Keywords

Lumbalgia, Bulging disc, Disc hernia, Homeopathy, Homotoxicology, Extrusion

Introduction

Low back pain (LBP) is one of the highest prevalence problems of public health. LBP affects up to 85% people worldwide. Somebody will be affected at less in one point of his life, approximately 15% of them turn on chronic [1]. LBP is considered as chronic if persists more than 12 weeks [2]. Development of chronic LBP is normally caused by somatic and physiological factors [3]. Somatic causes are considered: Psychosocial environment at work, psychological demand and control over the own work. As physiological factor, there is a strong association with disc degeneration, and in less frequency, are inflammatory, tumoral, metabolic and infectious factors [4]. The most common disc disorder is herniated or prolapsed intervertebral disc. In this case, the disc bulge o rupture (rather partially or totally) posteriorly or posterolateral and press on the nerve roots in the spinal canal. Disc herniation is almost always a result of mechanical induced rupture [5]. Other studies have been demonstrated the presence of genetic factors as triggers to development of LBP [6]. Independently of its origin, LBP represent an enormous economic burden on society; its total cost includes: Direct medical costs, work absenteeism, insurance, lost production and disability benefits.
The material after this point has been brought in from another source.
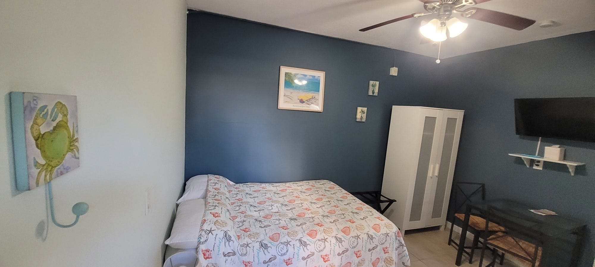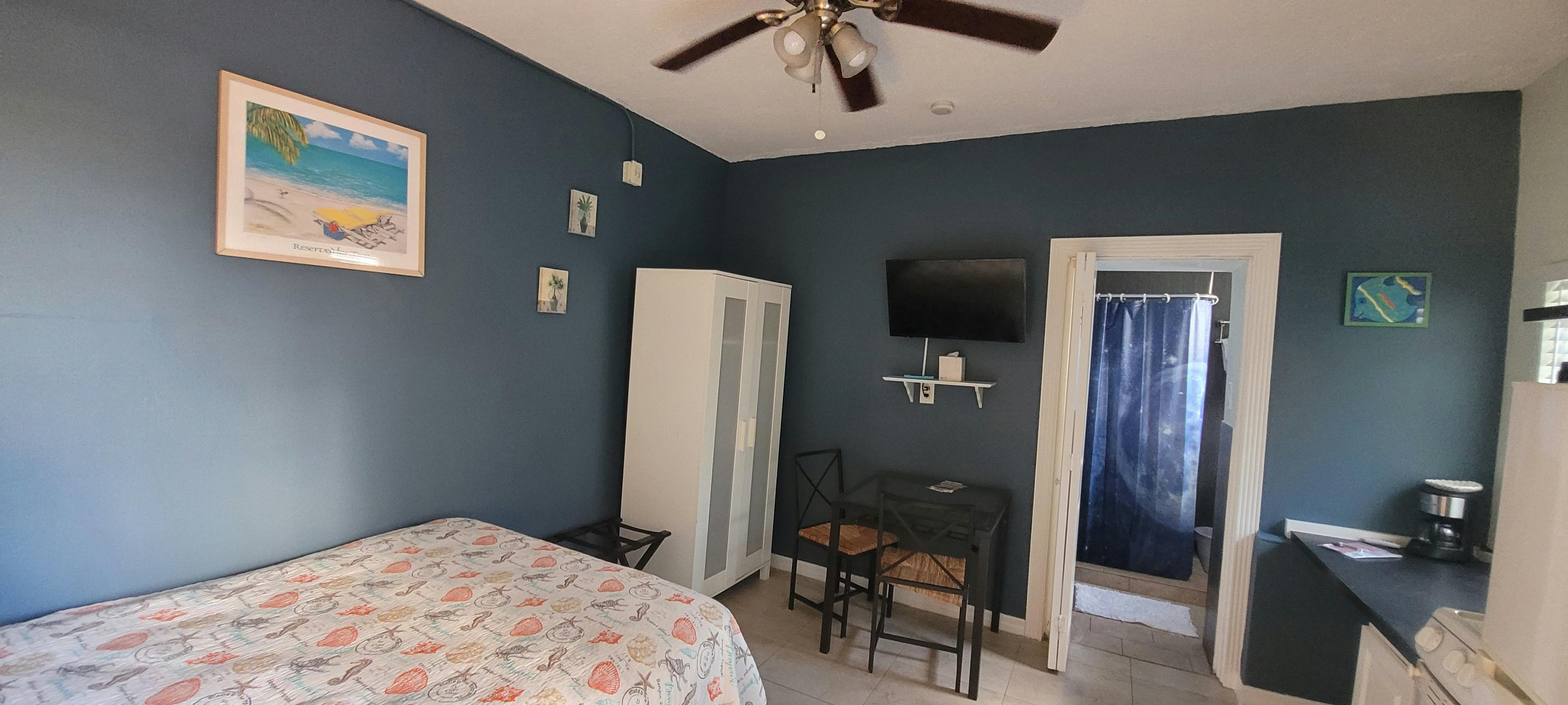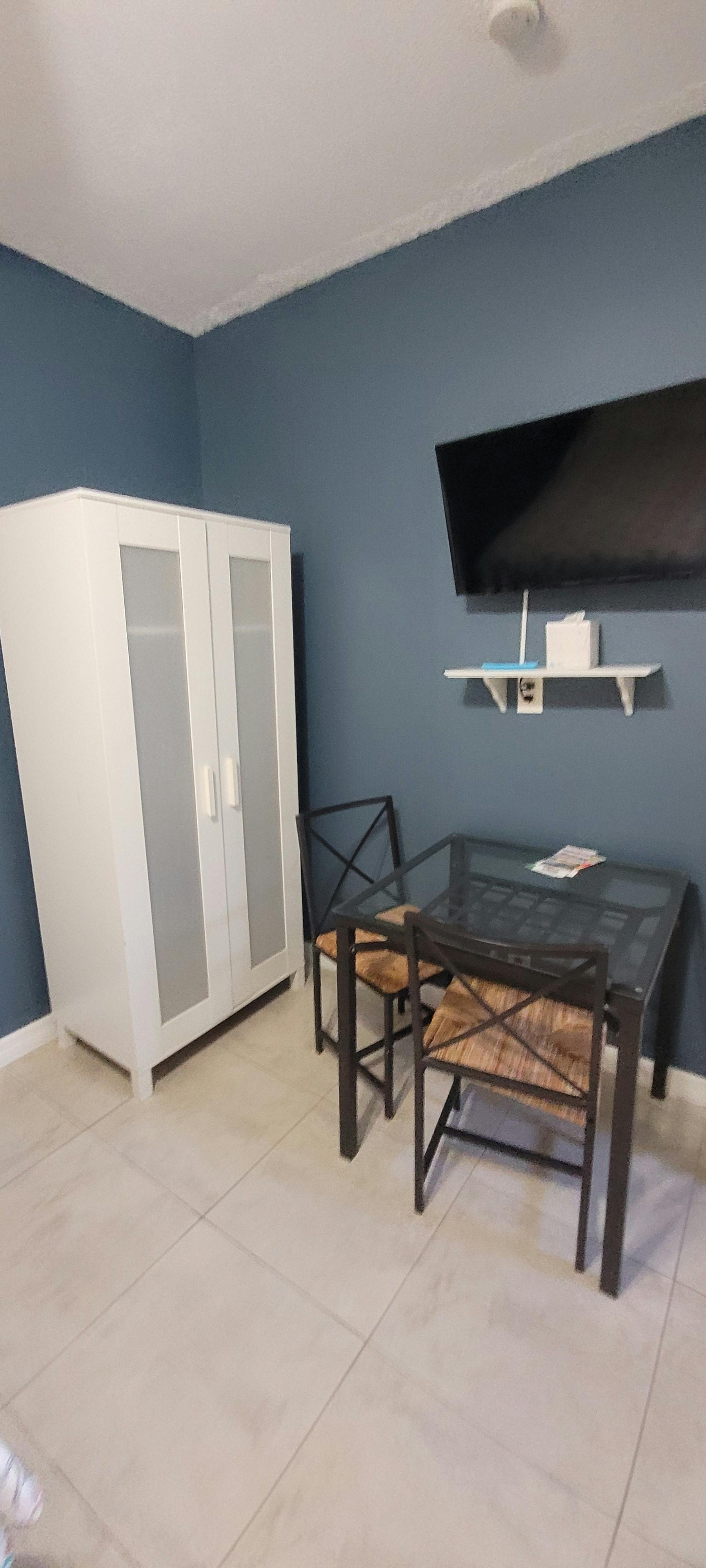 Room #6 aka: White Pearl is an efficiency that was remodeled in 2025. It’s located in the middle of The Coral House, on the 1st floor, east side facing the beach. It has a full sized pillow top bed so it’s perfect for 1 guest or a couple, table with 2 chairs, an armoire for your clothes, a kitchenette and a stainless steel double sink, microwave, stove, oven, pots, pans, dishes, bathroom with a shower, 32' Smart TV and Wi-Fi. Everything needed for an Affordable Hollywood Beach Florida Vacation!

Current treatments range from bed rest, physiotherapy, oral analgesic, muscle relaxants, injection of corticosteroids, local anesthetic, surgery [7], cell based therapies aiming repair a herniated intervertebral disc [8] and an emerging technique which use injectable hydrogels to restore disc height and function [9]. Without mention empirical treatments based only in anecdotal statements, which lack of scientific methodology. However, these techniques are tested in a pre-selected population with a high prior probability of treatment success. Nonetheless, these trials use a limited number of patients, leading to controversy and uncertainty about their effectivity. Thus, there is a need to test all treatment in a largest cohort [10].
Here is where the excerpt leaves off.